According to the Centers for Disease Control and Prevention, the American suicide rate began climbing around the year 2000—before ChatGPT, smartphones, or social media even existed. It accelerated through the 2010s, then, contrary to popular narrative, plateaued and modestly declined after 2018—even as generative AI moved from research labs into the pockets of nearly every teenager in the country. If chatbots were a meaningful driver of adolescent suicide, the curves should have moved together. They have not, and, importantly, suicide rates among young Americans remain the lowest among any age group.

Omary and Huddleston go on to suggest that for some adolescents—especial those “in households where therapy is unaffordable, unavailable, or unsafe to disclose”—chatbots could be an accessible and “reliable form of emotional support” and actually help prevent self harm and suicide.


Read This Thread

This is actually a perfect example of “what’s the difference between a bouncer checking your ID and a website doing it?”

Identity theft. https://t.co/c6S6Oveih2

— Shoshana Weissmann, Sloth Committee Chair 🦥 (@senatorshoshana) June 12, 2026


More Sex & Tech News

• The Justice Against Weaponized Bureaucratic Overreach to Networked Expression (JAWBONE) Act, from Sens.
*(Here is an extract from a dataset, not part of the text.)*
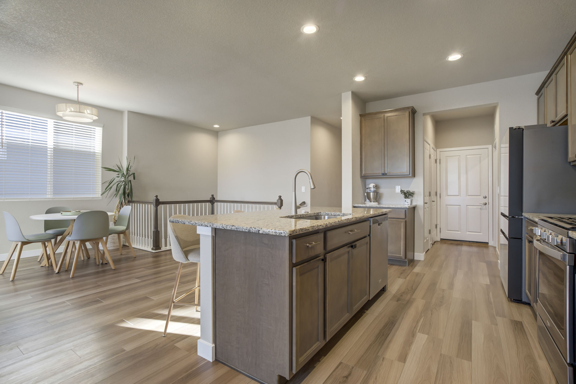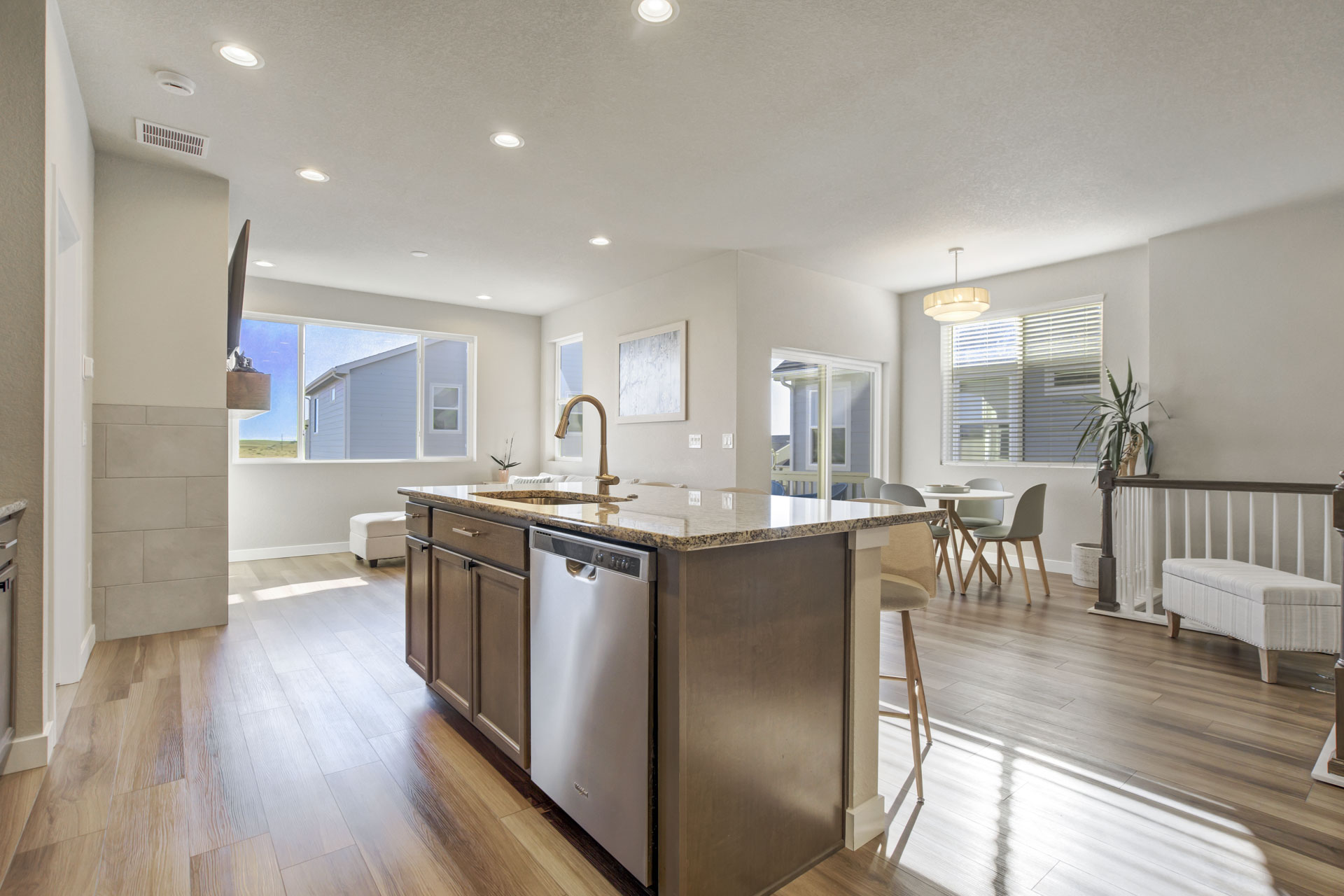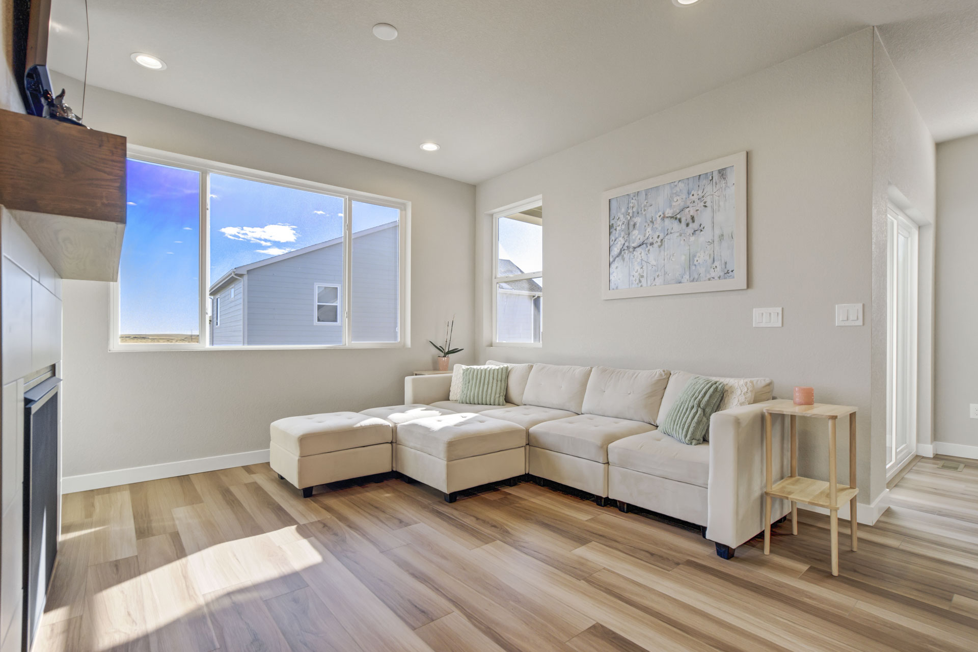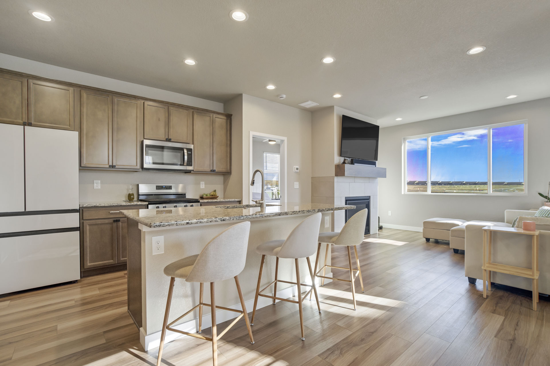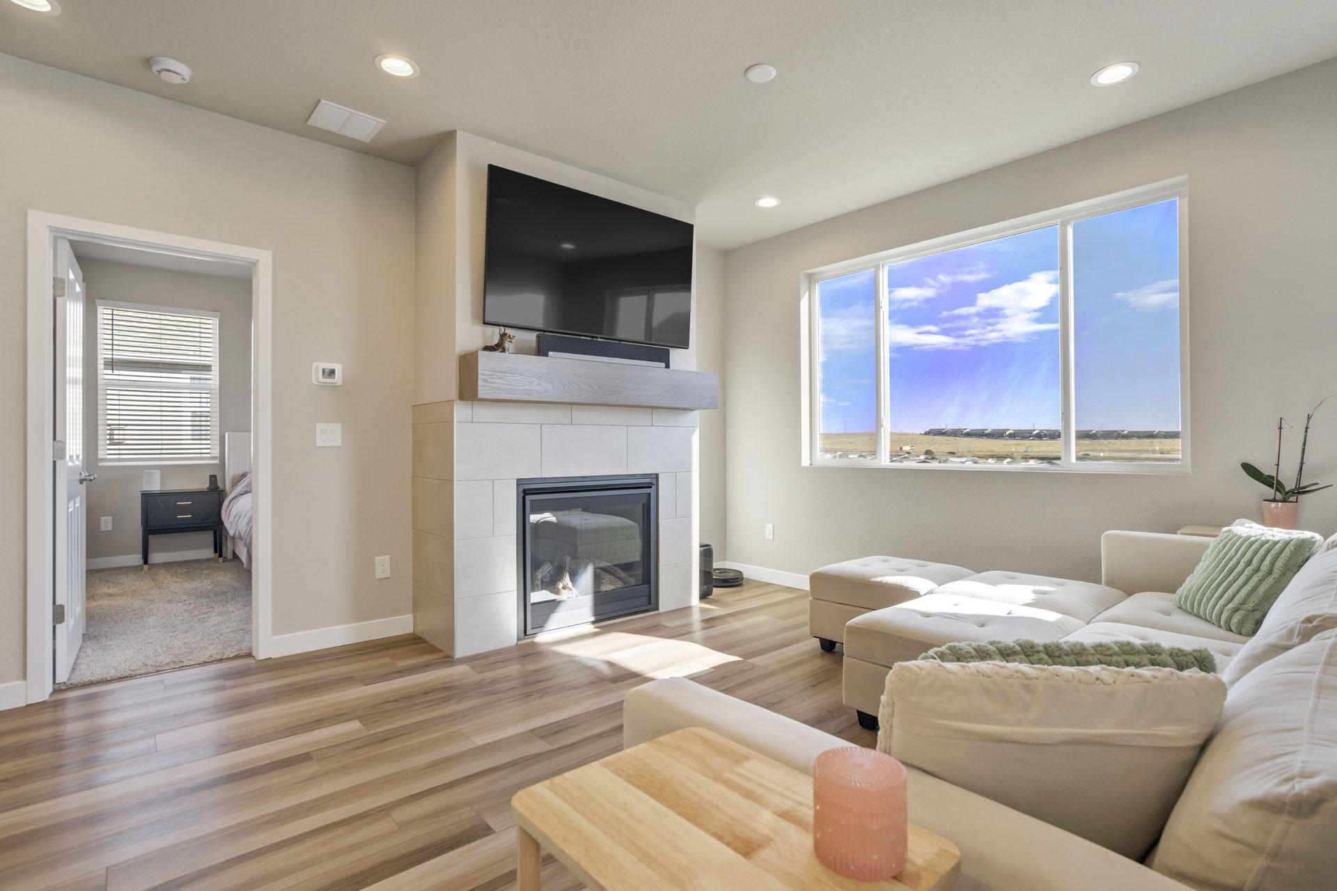 Set in the convenient Powers corridor w/quick access to shopping, dining, parks & D49 schools, this like-new ranch welcomes you w/beautifully manicured front landscaping & a covered front porch that leads into a bright, open main level. Inside, warm LVP wood flooring flows throughout the great room, connecting the upgraded kitchen, dining nook & living area into one cohesive entertaining space. The kitchen features gas stainless appliances, granite countertops, metal hardware, ample cabinet storage & a large island w/breakfast bar. The adjoining great room is centered by a gas fireplace w/tile surround & custom wood mantel, framed by large windows that bring in natural light & capture views of the open space behind the home. From the dining area, walk out to the covered composite deck w/space for a table & grill, extending the indoor–outdoor flow. The main level primary suite overlooks the open space & includes a ceiling fan, a private bath w/quartz double vanities, an oversized tiled shower w/bench & a large walk-in closet. Two additional main level bedrooms sit near the full hall bath finished w/tiled shower surround. The laundry room is also on this level for added convenience. The finished walkout basement expands the livability w/a large open family room, a full bathroom & a spacious bedroom w/walk-in closet. A finished storage area adds flexibility, while an additional unfinished room provides excellent space for storage, workshop needs or a home gym. Outside, the xeriscaped backyard features dog friendly artificial turf & rock for easy care, ideal for pets & play. Nearby community park & open space within walking distance. An oversized insulated 3-car garage, central air, vinyl windows & low-maintenance exterior materials complete this move-in-ready home.

Ron Wyden (D–Ore.) and Ted Cruz (R–Texas), aims to curtail indirect government censorship of speech on social media, AI systems, and TV.

• A federal appeals court is considering the constitutionality of an Arkansas law that criminalizes librarians who provide books that authorities consider “harmful to minors” and give city and county officials the power to determine library content.

• Nice to see people pushing back against unfounded anti-porn tropes.

• An Ohio police chief is facing 70 counts of felony charges related to sex crimes. Bethel police chief Chad Essert is accused of sexual battery and unlawful sexual conduct with a minor for alleged offenses that took place from 2005–2010. Essert also faces a sexual harassment claim from a former employee and was under investigation for having sex on duty, reports WKRC.

• The American Innovation and Choice Online Act is still bad. (More on an earlier version of this bill here.)

• Self-help author Tim Ferris suggests AI is already having a dire effect on how-to nonfiction sales…but comes away with a surprisingly/refreshingly optimistic take on the phenomenon.

• Illinois is issuing a special monthly tax on social media platforms. “The proposal’s biggest hurdle is the decades of case law that have squarely labeled this kind of tax as exactly what it is: a regulation of speech,” writes Tyler Tone.

• Ahead of the World Cup in Los Angeles “vast resources are being put towards crackdowns and sweeps,” writes Antonia Crane. “Sex workers—like me—get arrested because cops and politicians have something to prove.”